Свалиться с пневмонией может кто угодно, хоть простой обыватель, хоть полевой агент секретного отдела «Сигма». Особенно в такой стране как Ирландия. Киран О’Салливан целый месяц провалялся на больничном, а когда вернулся в отдел, там уже сменилась обстановка, да и правила тоже поменялись. Его напарник и наставник, старший агент Дэрмод О’Мэлли неожиданно вышел на пенсию и это ещё было не самым худшим сюрпризом. Директор без ведома Кирана подыскал ему нового напарника и когда охранник, проверявший пропуска на входе, по секрету шепнул агенту, с кем тому предстоит работать, О’Салливан на миг заподозрил, что пневмония дала осложнения, он всё ещё болен, мечется в горячечном бреду и всё происходящее мерещится ему в болезненных видениях.

Отдел «Сигма» занимал бывшее складское помещение на окраине Дублина. Здесь навели порядок, укрепили строительные конструкции, стены и крышу, провели все необходимые коммуникации, вырыли ещё несколько подземных этажей, установили сигнализацию и систему видеонаблюдения, завезли офисную технику, отдельно оборудовали гараж, а на нижних этажах – несколько научных лабораторий, небольшой морг и надёжно защищённый архив. Изнутри здание представляло собой одно большое помещение, типа ангара. Когда здесь располагался склад, под самой крышей были проложены стальные балки, по которым туда-сюда ездил тельфер. С его помощью можно было легко и быстро выудить любую вещь с любой части склада. Оператор, управлявший тельфером, сидел в специальной кабинке в правом дальнем углу ангара. Кабинка возвышалась метра на три от пола и подняться в неё можно было по лестнице, сваренной из стальных прутьев. После переоборудования склада в офис, кабинку переделали в директорский кабинет.

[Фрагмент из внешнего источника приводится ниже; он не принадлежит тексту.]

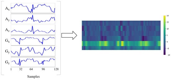 One input sample. Ax, Ay, Az are the 3-axis acceleration data, and Gx, Gy, Gz are the 3-axis angular velocity data. The 6-axis sensor data are combined into a matrix with the shape of 6 × 128.

Не подавая вида о том, что на душе у него скребут кошки, Киран О’Салливан взбежал по лестнице в директорский кабинет. Рори Кавана, добродушный и весьма проницательный толстяк с круглой, как шар, и уже начавшей лысеть головой, нещадно дымил трубкой. Его лицо украшали усы a-la Фредди Меркьюри, поклонником которого Кавана был с самого детства.

– А, О’Салливан! – воскликнул директор и пожал руку агенту. – Рад вас наконец видеть. Как вы?

Киран с трудом натянул на лицо дежурную улыбку. Больше всего на свете ему хотелось прямо сейчас закатить скандал, однако благоразумие подсказывало ему не конфликтовать с боссом.

– Бодр, свеж и готов к работе, сэр, – произнёс он без малейшей капли энтузиазма. – Что нового?

– Новое? Новое… – Директор повертел в руках трубку и отложил в сторону. – Кстати о новом. Пока вас не было, агент О’ Салливан, в отделе произошли кое-какие перемены. Не скрою, идея принадлежала мне – идея сделать сотрудничество между отделами «Сигма» и «Тау» более тесным. Поверьте, так будет лучше. «Тау», как вы знаете, занимается хроноклазмами – парадоксами, связанными со временем. А учитывая, что sidhe, чёрт бы их побрал, куролесят не только в пространстве, но и во времени… – Директор сделал многозначительную паузу. – В общем, прежние пары агентов распущены и сформированы заново с учётом новой политики. Теперь вам придётся работать с напарником из «Тау».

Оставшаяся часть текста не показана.